Dataset records —
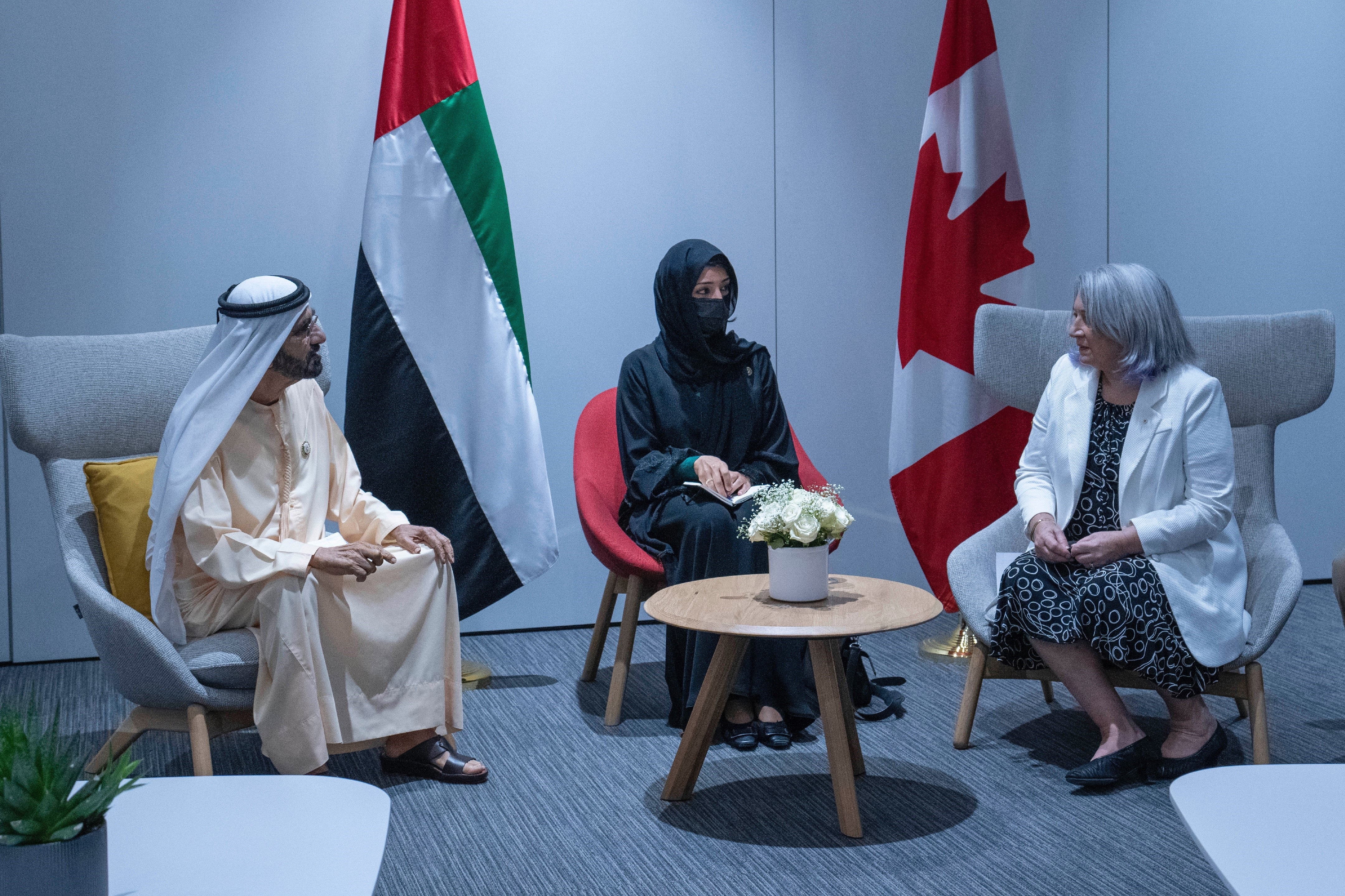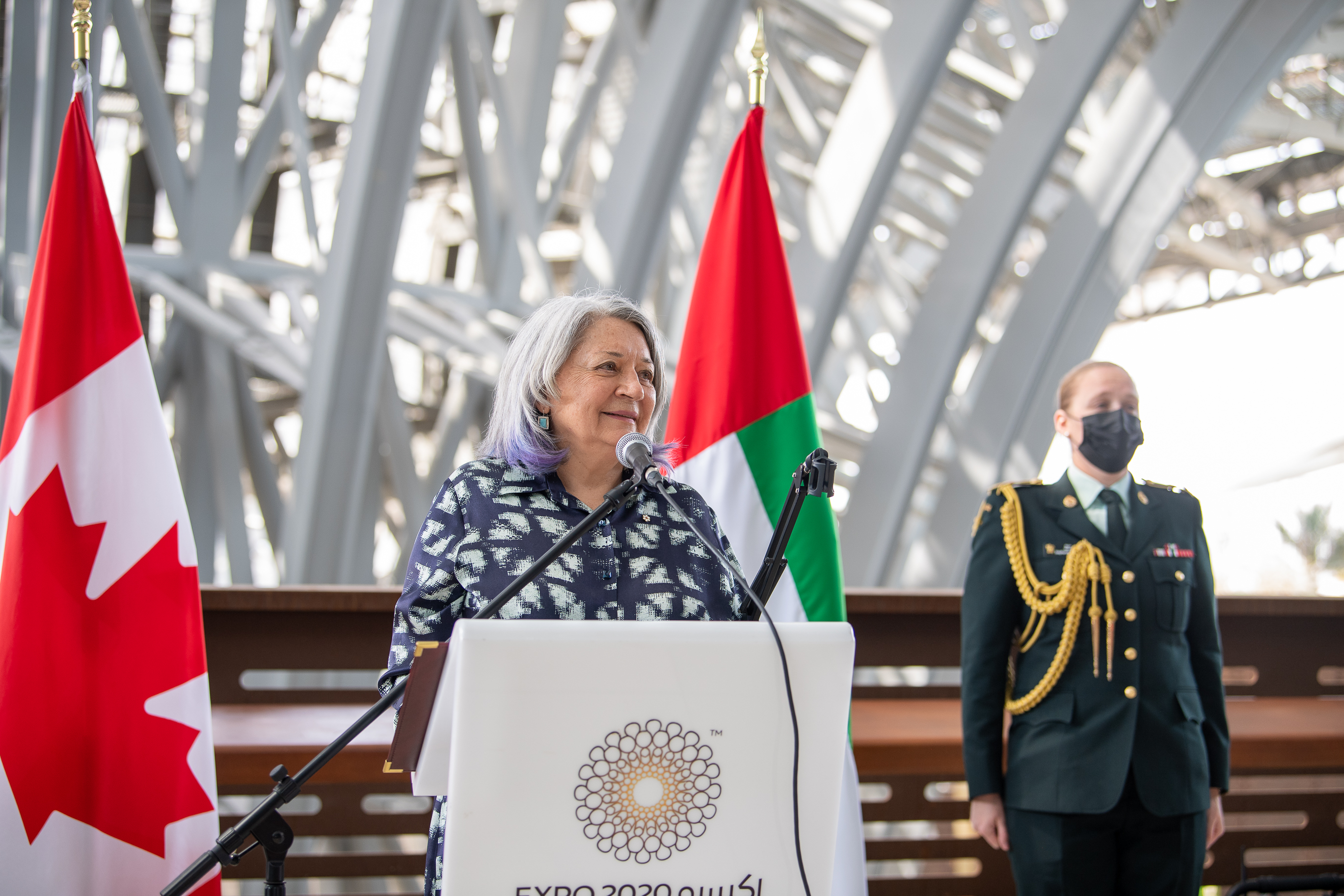 La gouverneure générale a assisté à la cérémonie de la Journée du Canada à l’Expo 2020 de Dubaï et a prononcé un discours en tant qu'invitée d'honneur. Elle a rencontré Son Excellence le cheikh Nahayan Mabarak Al Nahayan, Haut-commissaire des Émirats arabes unis pour l’Expo et ministre de la Tolérance des Émirats arabes unis. Leurs Excellences ont aussi visité plusieurs pavillons à l’Expo 2020 de Dubaï, notamment celui des Émirats arabes unis, du Qatar, du Koweït et des femmes.
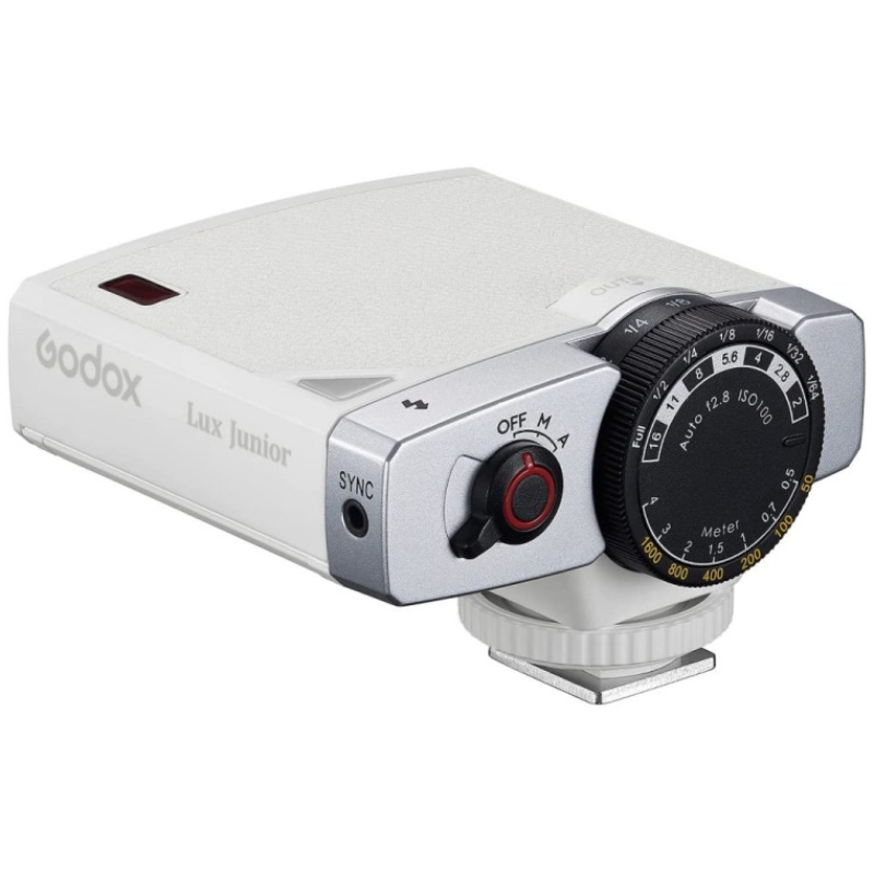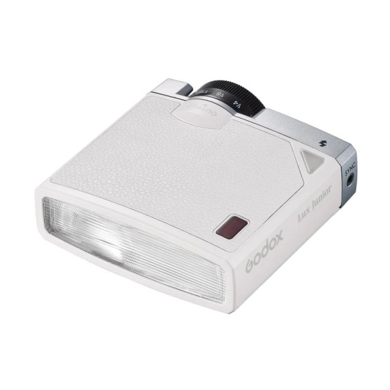 Biała retro lampa błyskowa Godox Lux Junior stanowi stylowe i kompaktowe oświetlenie do zdjęć, łączące klasyczną estetykę z nowoczesną funkcjonalnością. Ta lekka lampa reporterska o liczbie przewodniej 12 idealnie sprawdza się jako mobilna lampa do aparatu, stanowiąc poręczne oświetlenie fotograficzne do codziennego użytku. Zasilana dwiema bateriami AAA jest wygodną alternatywą dla większych lamp studyjnych w fotografii ulicznej i okazjonalnej.
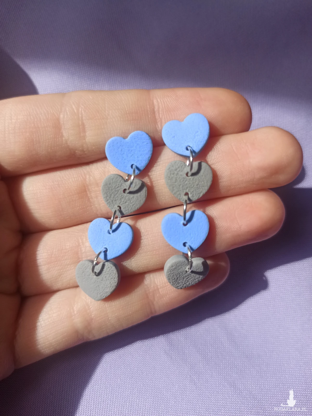 Kolczyki wiszące sztyfty w kształcie 4 połączonych ze sobą serduszek w kolorach szarym i niebieskim.
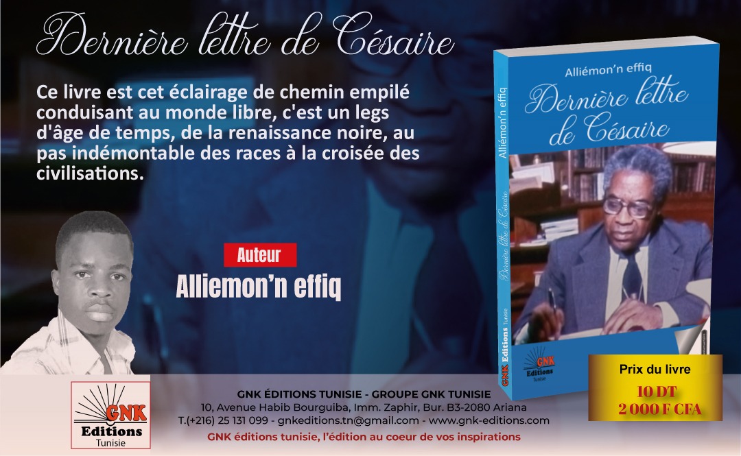 L’étudiant ivoirien basé à Tunis depuis plusieurs années vient en effet de publier une exquise galette intitulée » Dernière Lettre de Césaire ».Un chef-d’œuvre de 50 pages paru aux GNK Éditions Tunis ce 15 décembre .Jeune auteur élevé à la sève de la littérature négro-africaine,un mouvement dont il se réclame ,Alliémon’n Effiq entend apporter sa contribution à l’édification de la nouvelle anthologie culturelle.
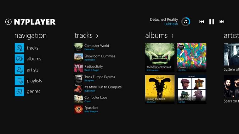 n7player - очень популярный музыкальный проигрыватель на мобильной платформе и, наконец, доступный и на платформе Windows. Я думаю, вы будете впечатлены функциями, а также интерфейсом музыкального приложения, которое вы можете бесплатно загрузить на свой планшет и компьютер с ОС Windows 8.

Goal of the exercise — Leave the pictures out, and transcribe each of the records exactly.

Output for this exercise —
 La gouverneure générale a assisté à la cérémonie de la Journée du Canada à l’Expo 2020 de Dubaï et a prononcé un discours en tant qu'invitée d'honneur. Elle a rencontré Son Excellence le cheikh Nahayan Mabarak Al Nahayan, Haut-commissaire des Émirats arabes unis pour l’Expo et ministre de la Tolérance des Émirats arabes unis. Leurs Excellences ont aussi visité plusieurs pavillons à l’Expo 2020 de Dubaï, notamment celui des Émirats arabes unis, du Qatar, du Koweït et des femmes.
 Biała retro lampa błyskowa Godox Lux Junior stanowi stylowe i kompaktowe oświetlenie do zdjęć, łączące klasyczną estetykę z nowoczesną funkcjonalnością. Ta lekka lampa reporterska o liczbie przewodniej 12 idealnie sprawdza się jako mobilna lampa do aparatu, stanowiąc poręczne oświetlenie fotograficzne do codziennego użytku. Zasilana dwiema bateriami AAA jest wygodną alternatywą dla większych lamp studyjnych w fotografii ulicznej i okazjonalnej.
 Kolczyki wiszące sztyfty w kształcie 4 połączonych ze sobą serduszek w kolorach szarym i niebieskim.
 L’étudiant ivoirien basé à Tunis depuis plusieurs années vient en effet de publier une exquise galette intitulée » Dernière Lettre de Césaire ».Un chef-d’œuvre de 50 pages paru aux GNK Éditions Tunis ce 15 décembre .Jeune auteur élevé à la sève de la littérature négro-africaine,un mouvement dont il se réclame ,Alliémon’n Effiq entend apporter sa contribution à l’édification de la nouvelle anthologie culturelle.
 n7player - очень популярный музыкальный проигрыватель на мобильной платформе и, наконец, доступный и на платформе Windows. Я думаю, вы будете впечатлены функциями, а также интерфейсом музыкального приложения, которое вы можете бесплатно загрузить на свой планшет и компьютер с ОС Windows 8.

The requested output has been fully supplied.